As such, the empowering provisions under which Minister of the DPSA issues the Determinations are sections 3(5)(a) and 5(6)(b) of the Public Service Act[47] (the PSA).
[134] Section 3(5)(a) of the PSA provides that:
“Subject to the Labour Relations Act and to any collective agreement, the Minister may make determinations regarding any conditions of service employees generally, or categories of employees, including determinations regarding a salary scale for all employees, or a salary scale for particular categories of employees, and allowances for particular categories of employees.”
[135] The Minister's power to make determinations is therefore subject to the Labour Relations Act[48] and to any collective agreement. This was also confirmed by Ms. Rilityane during her evidence.
[136] Section 5(6)(b) of the PSA provides that:
“The Minister may for the proper implementation of the collective agreement, elucidate or supplement such determination by means of a directive, provided that the directive is not in conflict with or does not derogate from the terms of the agreement.”
[137] The aforesaid provision makes it clear that the Minister’s power is subject to the collective agreement referred to in the provision. Importantly, it is made clear that the Minister may not, in exercising his power, cause any conflict or derogation from the terms of the collective agreement and Ms. Rilityane initially agreed with this proposition.
[138] PSCBC Resolution 2 of 2015 is a collective agreement, the objective of which is to provide for a multi-year salary adjustment and improvements to conditions of service for a three-year period (2015 – 2018). It provides at clause 2.1.2 that “[t]his agreement binds the employer and employees who are employed by the state and who fall within the registered scope of the Council.” Ms. Rilityane confirmed in her evidence in chief that the registered scope of the Council is level 1 to 12, and excludes employees at levels 13 and above. Ms.
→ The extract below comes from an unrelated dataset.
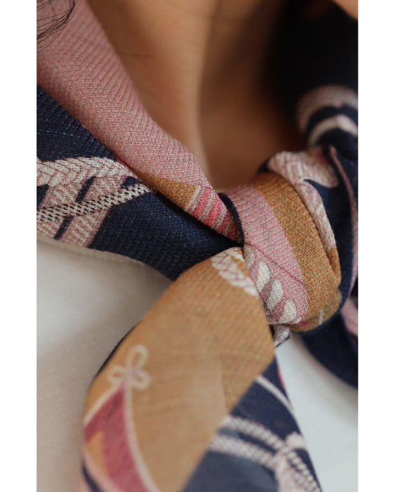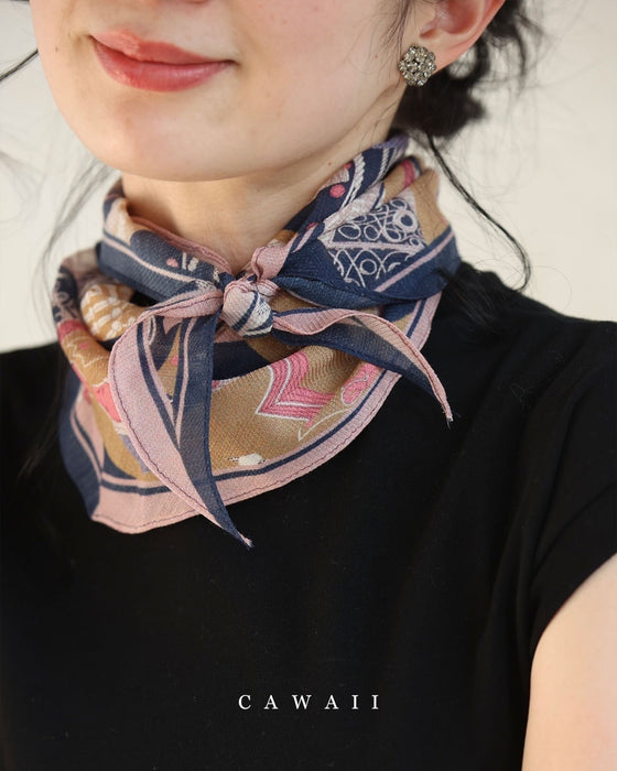 コーディネートの差し色に。エレガント柄菱形スカーフ
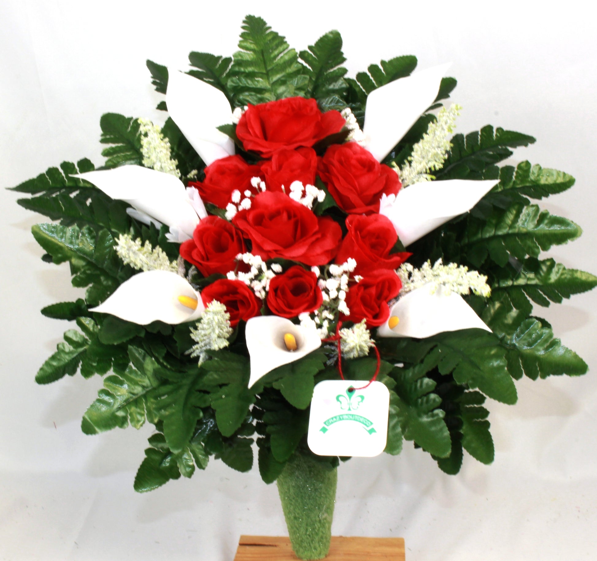 Handcrafted Red and White Roses w Calla Lilies Cemetery Flower Arrangement for Mausoleum -Memorial Flowers -Grave Decoration-Urn Arrangement

Rilityane also accepted that where an agreement is reached by the Council that agreement is limited to those employees who are employed up until level 12. It must then follow that the Minister has no power to make any Determination that affects employees who are beyond the registered scope of the Council.
[139] Ms. Rilityane, following an adjournment proceeded to adopt a different stance during re-examination, despite all of the concessions stated above while under cross-examination she went on to state that notwithstanding that, PSCBC Resolution 2 of 2015 which is a collective agreement, signed by various unions, is applicable to employees from levels 1 to 12, the resolution nonetheless applies to all retired employees regardless of the level they occupied prior to their retirement.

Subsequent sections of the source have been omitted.